The (Un)suitability of Passwords and Password Managers in Virtual Reality
- URL: http://arxiv.org/abs/2503.18550v1
- Date: Mon, 24 Mar 2025 11:02:11 GMT
- Title: The (Un)suitability of Passwords and Password Managers in Virtual Reality
- Authors: Emiram Kablo, Yorick Last, Patricia Arias Cabarcos, Melanie Volkamer,
- Abstract summary: password managers (PMs) are a potential solution for secure VR authentication.<n>We report findings from 91 cognitive walkthroughs, revealing that while PMs improve usability, they are not yet ready for prime time.<n>Key features like cross-app autofill are missing, and user experiences highlight the need for better solutions.

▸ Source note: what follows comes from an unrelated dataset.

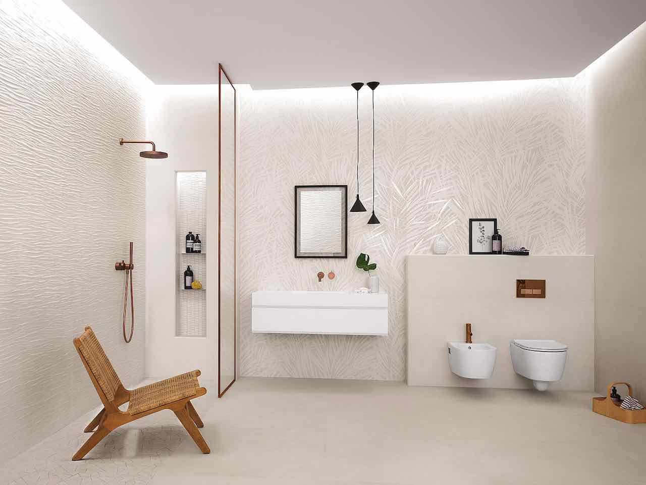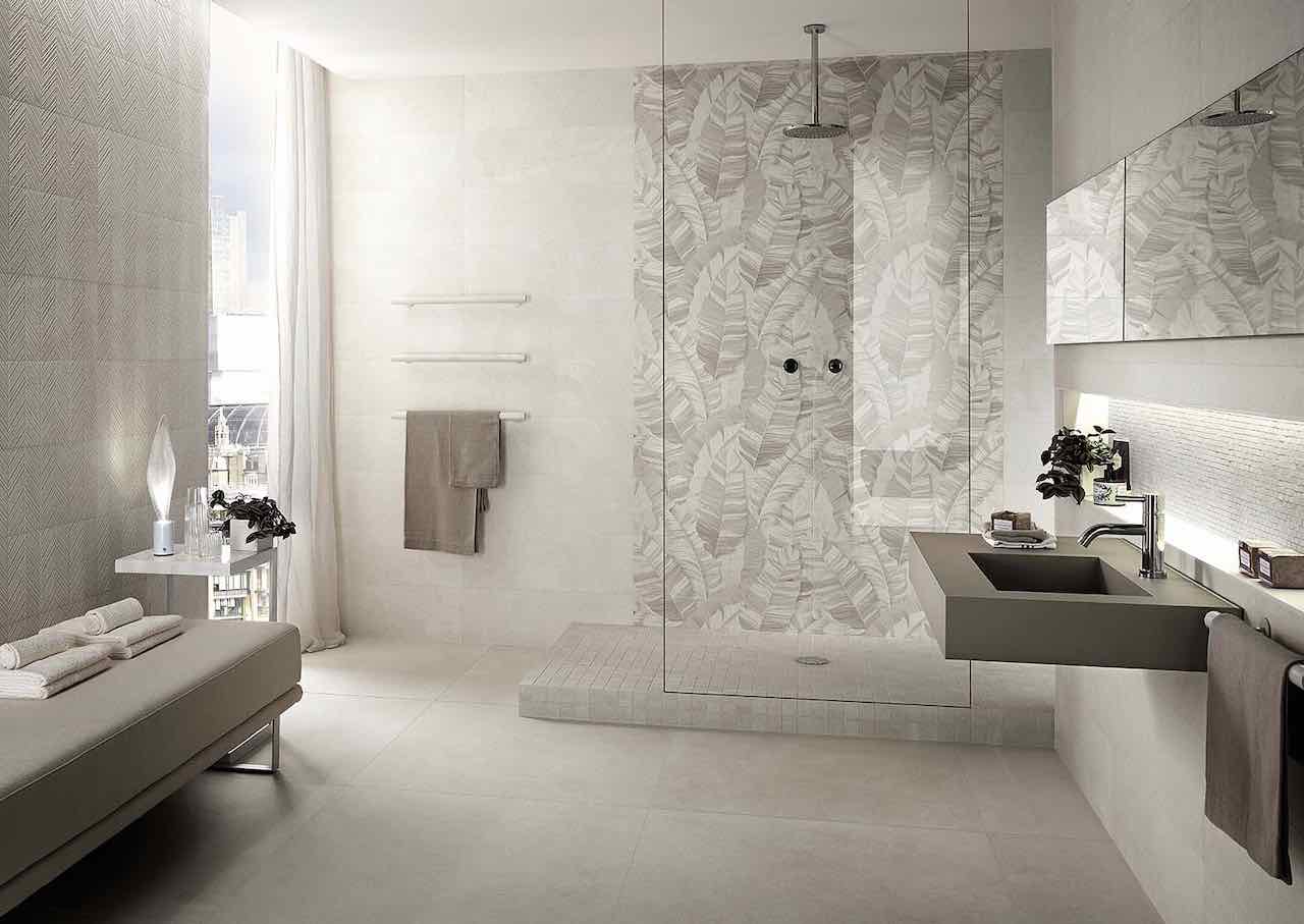 FAP ceramiche, azienda tra i maggiori produttori di rivestimenti del settore ceramico, ha riprodotto sulle superfici numerose sfumature green, rigogliosi motivi vegetali e fantasie tropicali come inno alla natura. Spazio quindi agli intrecci di diverse tipologie di piante, foglie e fiori disegnati in maniera dettagliata, o stilizzati dal forte impatto visivo ed emozionale. Tra le linee in pasta bianca di FAP ceramiche, ben rappresentano questo mood i decori di Bloom, Nux, Sheer e la novità Summer.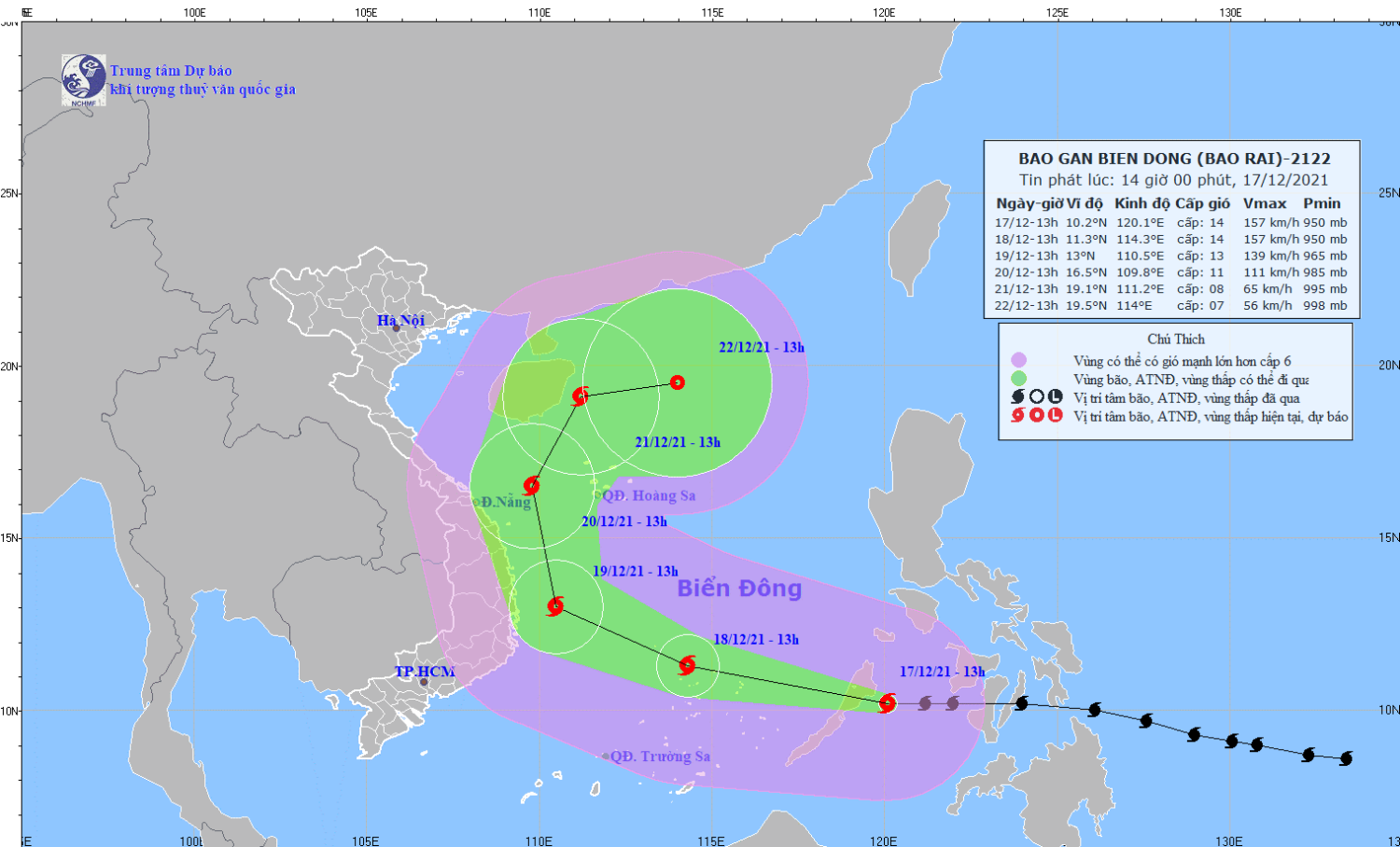 Hồi 13 giờ ngày 17/12, vị trí tâm bão ở khoảng 10,2 độ Vĩ Bắc; 120,1 độ Kinh Đông, ngay trên vùng biển phía Đông Bắc đảo Pa-la-oan (Phi-líp-pin). Sức gió mạnh nhất vùng gần tâm bão mạnh cấp 14 (150-165km/giờ), giật cấp 17.

- Score: 1.7899337155038426
- License: http://creativecommons.org/licenses/by/4.0/
- Abstract: As Virtual Reality (VR) expands into fields like healthcare and education, ensuring secure and user-friendly authentication becomes essential. Traditional password entry methods in VR are cumbersome and insecure, making password managers (PMs) a potential solution. To explore this field, we conducted a user study (n=126 VR users) where participants expressed a strong preference for simpler passwords and showed interest in biometric authentication and password managers. On these grounds, we provide the first in-depth evaluation of PMs in VR. We report findings from 91 cognitive walkthroughs, revealing that while PMs improve usability, they are not yet ready for prime time. Key features like cross-app autofill are missing, and user experiences highlight the need for better solutions. Based on consolidated user views and expert analysis, we make recommendations on how to move forward in improving VR authentication systems, ultimately creating more practical solutions for this growing field.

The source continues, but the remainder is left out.